The fair value of contingent consideration relating to amounts payable by the Company to the former stockholders of Adolor upon the achievement of certain regulatory milestones, sales milestones or a combination of both, with respect to bevenopran (formerly known as CB-5945), was estimated to be $79.2 million and $77.0 million as of June 30, 2013 and December 31, 2012, respectively. The change in the fair value of the contingent consideration liability during the three and six months ended June 30, 2013, is due to the time value of money. The aggregate remaining, undiscounted amount of contingent consideration that Cubist could pay to the former stockholders of Adolor under the merger agreement ranges from zero to $233.8 million. Bevenopran is an oral, peripherally-acting mu opioid receptor antagonist in development for the potential treatment of opioid-induced constipation in patients with chronic, non-cancer pain.

 

Calixa

 

The fair value of contingent consideration relating to amounts payable by the Company to the former stockholders of Calixa, upon the achievement of certain development, regulatory and sales milestones with respect to ceftolozane/tazobactam was estimated to be $114.6 million and $112.2 million as of June 30, 2013 and December 31, 2012, respectively. The change in fair value for the three and six months ended June 30, 2013, is due to the time value of money.
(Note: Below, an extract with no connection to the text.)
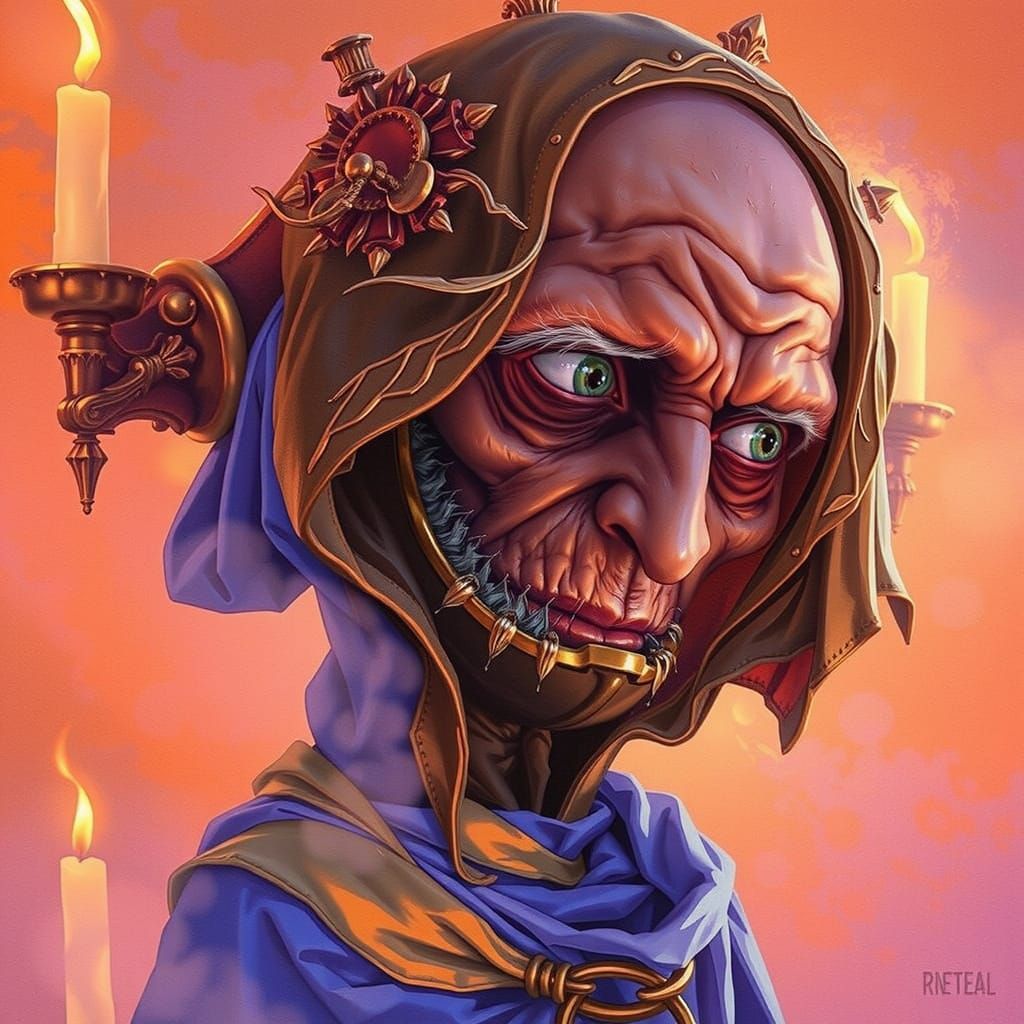 This image shows an elderly woman gazing into a mystical mirror in a dimly lit chamber. The scene is rendered with deep colors and intricate details, in a fantastical matte painting style.
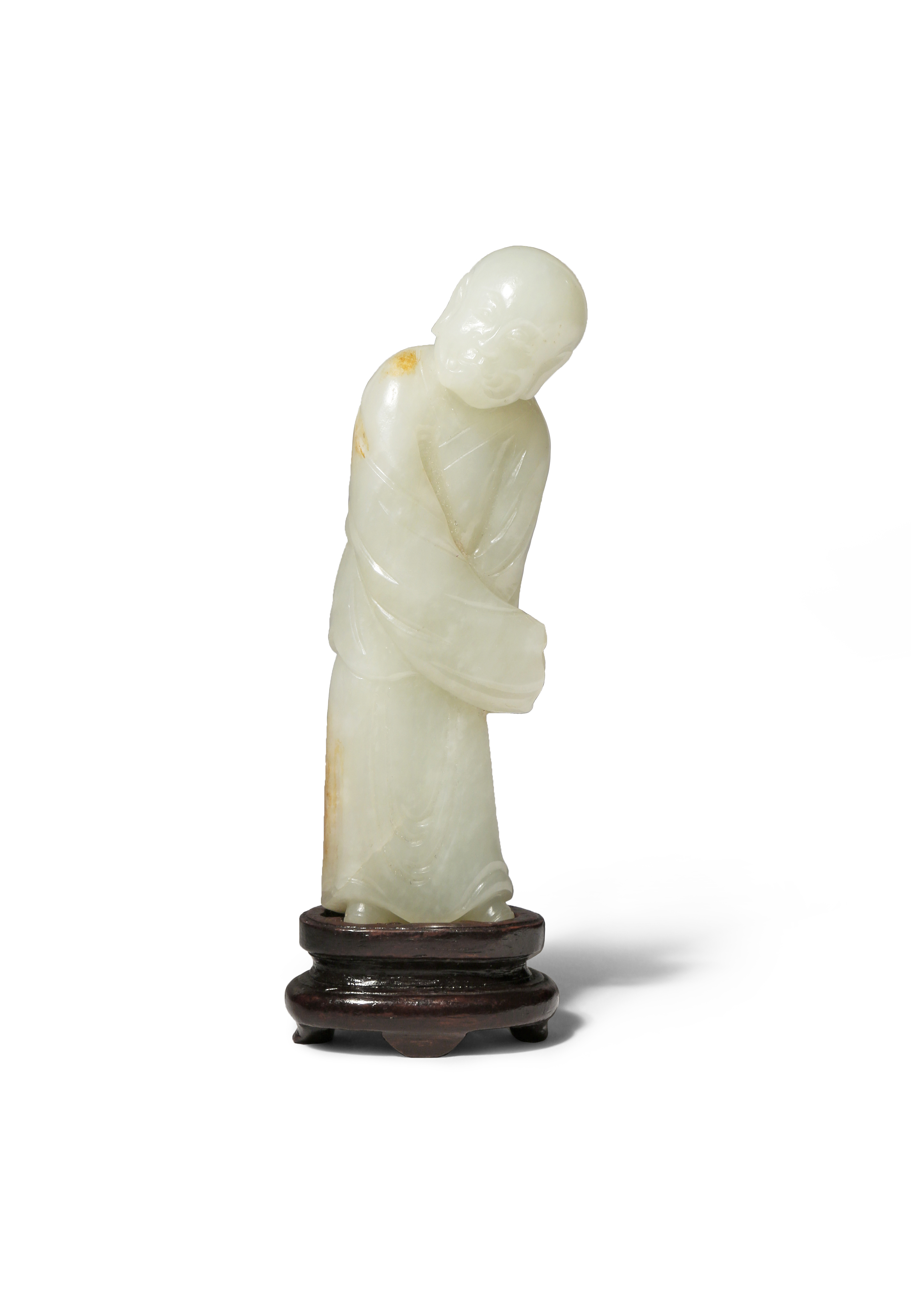 A CHINESE PALE CELADON JADE CARVING OF A LUOHAN QIANLONG 1736-95 The figure stands leaning...

The aggregate remaining, undiscounted amount of contingent consideration that Cubist could pay to the former stockholders of Calixa under the merger agreement is $220.0 million, including a $40.0 million milestone payment which is due in August 2013 as a result of first patient enrollment in the Company’s ceftolozane/tazobactam open-label study in patients with ventilator-associated bacterial pneumonia, or VABP, in July 2013. Ceftolozane/tazobactam is being developed as a potential treatment for complicated urinary tract infections, or cUTI, complicated intra-abdominal infections, or cIAI, hospital-acquired bacterial pneumonia, or HABP, and VABP.

 

Other Fair Value Measurements

 

Debt

 

The Company estimates the fair value of its 2.50% Notes by using a quoted market rate in an inactive market, which is classified as a Level 2 input. The estimated fair value and carrying value of the $450.0 million aggregate principal amount of the outstanding 2.50% Notes was $812.8 million and $375.1 million, respectively, as of June 30, 2013. See Note G., “Debt,” for additional information.

 

Payable to Glaxo

 

In connection with the acquisition of Adolor in December 2011, Cubist assumed the obligation to pay Glaxo Group Limited, or Glaxo, six annual payments aggregating to $22.5 million as a result of Adolor’s termination of its collaboration agreement with Glaxo in September 2011. The amount payable to Glaxo was recorded at its estimated fair value at the time of acquisition and is allocated between current and non-current liabilities within the condensed consolidated balance sheets based on the contractual payment dates. The fair value estimate utilizes a discount rate, which is classified as a Level 3 input. As of June 30, 2013, the carrying value of the remaining annual payments to Glaxo of $17.4 million approximates its fair value. Imputed interest on the amount payable to Glaxo is recorded as interest expense within the condensed consolidated statements of comprehensive income.